First, are you sure you need to run on the grid?

How long is your macro expected to take (look at the progress bar)? If it's less than about an hour the grid is definitely more hassle than it's worth (not for CAFAna reasons, just in general).

Second, are you really sure you need to run on the grid?

The goal of CAFAna is for macros to run relatively quickly interactively. If you have very large runtimes there may well be something you can do.

Optimized build

Probably doesn't help too much if your problem is large file sizes, but it can be a big help (2-3x) in other cases.

When you setupnova

setupnova -r $REL -b maxopt

Or you can do it later

export SRT_QUAL=maxopt
srt_setup

Remember if you're using a test-release your local changes won't have any effect unless you've built in the same version (debug vs maxopt) as you're running.

Running over fewer files

The least satisfying solution, but also the easiest. Can you get away with running over fewer files? Pass an option like -s 10 to cafe to run over only 1/10th of the files in your dataset or wildcard.

Particularly when developing your macro you want as quick a turnaround as possible, and probably don't care so much what the results actually look like.

If you spend most of your time rerunning a multiple-minutes macro to make a series of changes to the plotting styles it will be well worth your time to split your macro up. A good pattern is one (slower) macro that simply does all the loading from files and immediately writes out all the Spectrum or Prediction etc objects you need using SaveTo, and a second (very quick) macro to load those in (LoadFrom) and plot them, that you can iterate as many times as necessary.

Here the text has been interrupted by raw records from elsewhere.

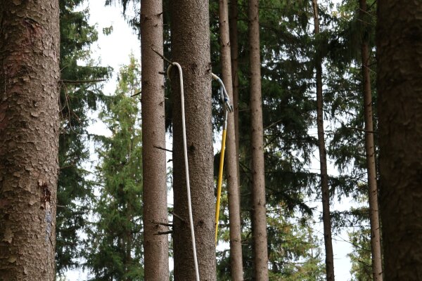 Anschließend ging es an die seilunterstützte Baumfällung. Als einfache und sichere Methode für die seilunterstützte Holzernte demonstrierte Michael Wenni die „Königsbronner Anschlagtechnik“ an einer Fichte. Mithilfe einer Teleskopstange wird dabei ein Seil zur sicheren Fällung in entsprechender Höhe angebracht. Michael Wenni empfiehlt mindestens 5 Meter. Im Verlauf der Fällung gingen die Fachleute auf weitere sicherheitsrelevante Aspekte ein, wie die persönliche Schutzausrüstung, Bruchlast von Kette und Seil oder den sicheren Arbeitsplatz.
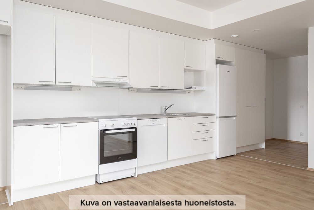 Keittiön varustukseen kuuluu valkoinen lattialiesi uunilla, täyskorkea jääkaappi-pakastin yhdistelmä, astianpesukone sekä tilavaraus mikrolle. Neljän huoneen asunnoissa on myös varaus toiselle kylmälaitteelle. Pesuhuoneesta löytyy tilavaraus ja liitännät pyykinpesukoneelle sekä kuivausrummulle.
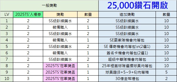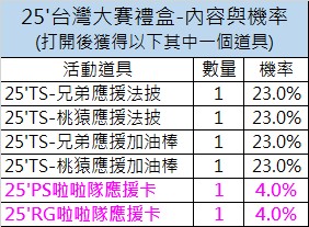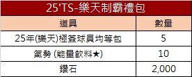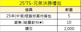 期限內收集以上道具,將可至兌換所兌換本次主題活動獎勵 ( 25TS'台灣大賽禮包、25年兄弟、樂天(+8)簽名卡等豪禮 }

Reducing file size (sumdecaf/concat)

Take a look at your input files

samweb list-definition-files --summary my_query

or

du -sh my_dir/

If your dataset is large (more than a gigabyte or so) you can definitely go faster with smaller files.

Are there sumdecafs/concats you should be using rather than CAFs? The analysis groups take the CAFs produced by production and produce analysis specific sumdecafs/concats where a preselection has been applied (some combination of quality, containment and loose cosmic rejection cuts). These files also drop some excessive truth information carried around by full CAFs. They are usually substantially smaller than the corresponding CAFs.

If the existing sumdecafs are unsuitable for you for some reason, e.g. they cut out events you need, or you could make your files substantially smaller by applying more stringent cuts, look into making your own sumdecafs (Making decafs). It's not that hard, and could save you a lot of time in future. If your sumdecafs might be broadly useful, please discuss the cuts and metadata with the relevant people (group conveners, production conveners) and look into making them broadly available.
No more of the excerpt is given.